YALAN DÜNYA

Hayırlı Cumalar sevgili okuyucular. Bu haftaki yazımıza ülkemizdeki çok elim kazada hayatını kaybeden ve şehit olan madencilerimize Allahü Teala'dan rahmet, ve yakınlarına da sabrı cemil ve başsağlığı dileyerek  başlamak istiyorum. Bu hafta bu dünyanın ne kadar geçici ve yalan bir dünya olduğundan bahsedecek sonrada birkaç soruya cevap vereceğiz inşaAllah.
Ne güzel söylemiş merhum Yunus Emre: "Mal sahibi, mülk sahibi/Hani bunun ilk sahibi?/Mal da yalan, mülk de yalan/Var biraz da sen oyalan..."
Hayat, bir rüya, bir film gibi sanki. Yazılı bir senaryonun oyuncularıyız. Bizden öncekiler oyunlarını oynayıp geçip gittiler... Merhum Yunus Emre ne güzel söylemiş: "Mal sahibi, mülk sahibi/Hani bunun ilk sahibi?/Mal da yalan, mülk de yalan/Var biraz da sen oyalan..."
Atalarımız demişler ya: "At ölür, meydan kalır. Yiğit ölür, şan kalır..."
Gökkubbenin altında, nerede olursa olsun bütün insanlar, kendilerinden sonrakilere bir şeyler bırakabildilerse bahtiyar bir şekilde gülerek ölürler.

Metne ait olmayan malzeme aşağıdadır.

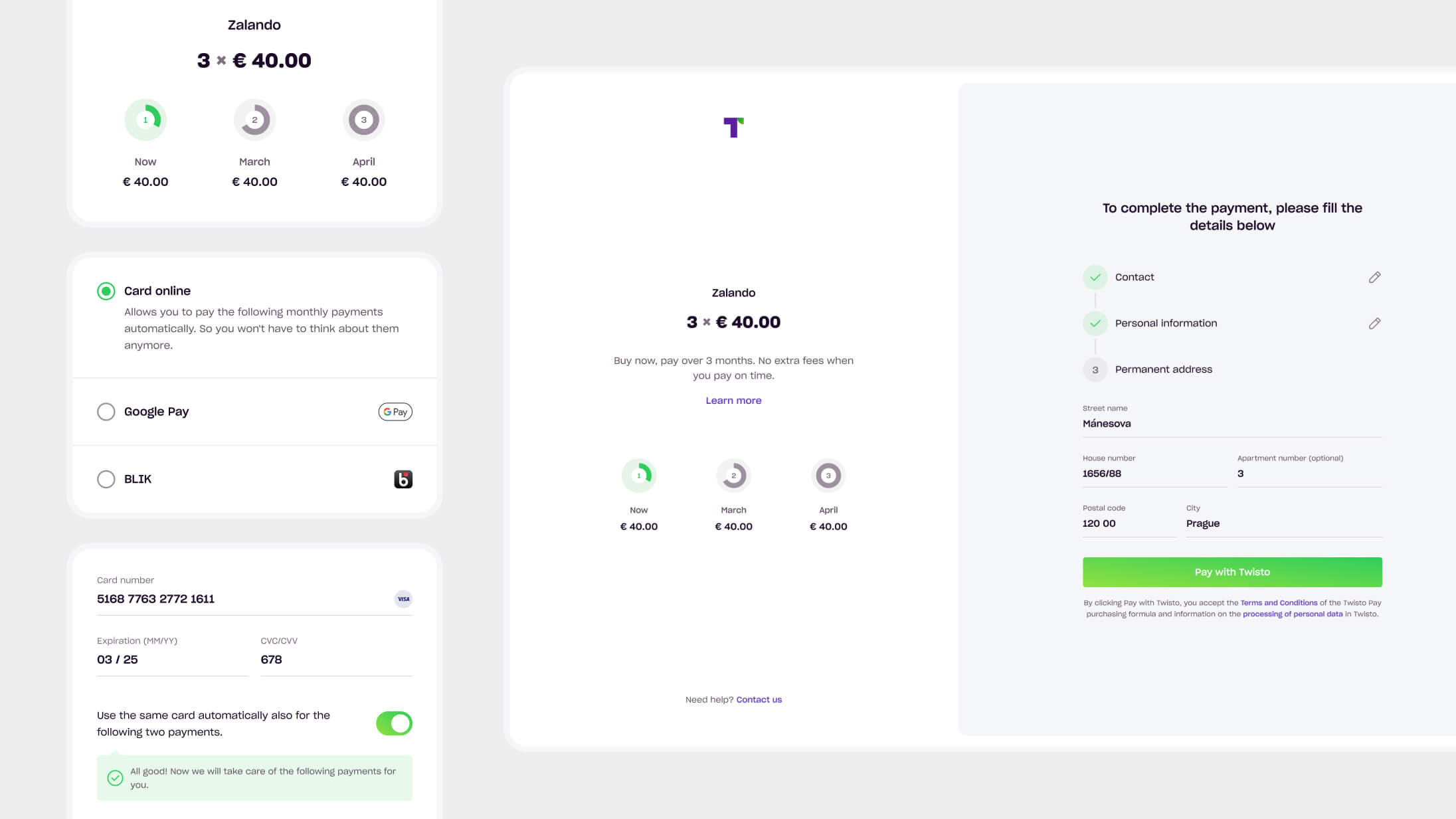 When I joined in 2017, Twisto was a single-market product with rough experience and no real design foundations. I was the first in-house product designer, working across four cross-functional product teams, owning product design end to end. By the time I left, Twisto had grown to 1M+ customers, 20K+ merchants, expanded into three countries, and been acquired by Zip for $100M.

Hadis-i şerifte buyuruluyor ki: "İnsanların en hayırlısı insanlara faydalı olandır."
***
Bizim dilimizde "gurbet" basit bir kelime değildir. Maddi ve manevi bütün ayrılıkların, bütün yalnızlıkların adıdır. Çoban da kullanır gurbet sözcüğünü, evliya olan ârifler de. Çobanın anladığı gurbet kendi köyünden uzak kalmaktır. Ârif olanların gurbeti, Rabbinden ayrı kalmasıdır.
Rabbini bulan, bütün nimetlere, güzelliklere kavuşmuştur. O'nu kaybeden ise her şeyi kaybetmiştir. Hazreti Ali radıyallahü anh, oğlu Hazreti Hasan'a buyurdu ki: "Garip, Allah için bir dostu olmayan adamdır."
Fudayl bin İyad hazretleri de gurbeti başka bir tarzda tarif ediyor. "Faziletli, güzel ahlaklı kişilere gurbet olmaz. Onlar, yabancı yerlerde de olsalar, çevre edinirler, dost bulurlar. Kötü insanlar ise kendi memleketlerinde olsalar bile garip sayılırlar. Kimse onları sevmez, beraber olmak istemezler..."
Yurt dışında yaşayan vatandaşlarımıza "gurbetçi" diyorlar. Aslına bakarsanız hepimiz gurbetçiyiz. Dünyada kalıcı değiliz, geldik gidiyoruz...
Bir gün sevgili Peygamberimiz aleyhisselam mübarek elini Abdullah bin Ömer'in omuzuna koyarak şöyle buyurdu:
"Sen kendini dünyada ya garip bil veya yolcu. Ya da kendini kabir ehlinden say."
Bu dünyada hem garibiz, hem yolcuyuz. Garibiz, çünkü daha önce burada değildik. Yolcuyuz, istesek de bizi burada durdurmazlar. Hepimiz burada misafiriz. Misafir bir gün memleketine döner. Sahip olduğumuz ne varsa hepsi emanettir. Emanetler de bir gün sahibine teslim edilir.
İnsanoğlu her gün bir adım ölüme yaklaşıyor. Kazandığı servete çocuklar gibi seviniyor, kaybettiği zamanına acımıyor.
Neye yarar o servet ki, başkalarına nasip olacak. Belki de en sevmediğimiz kimselere kalacak!..
Sual: (Doğal âfet şehidi) deniyor. Bu ne demektir?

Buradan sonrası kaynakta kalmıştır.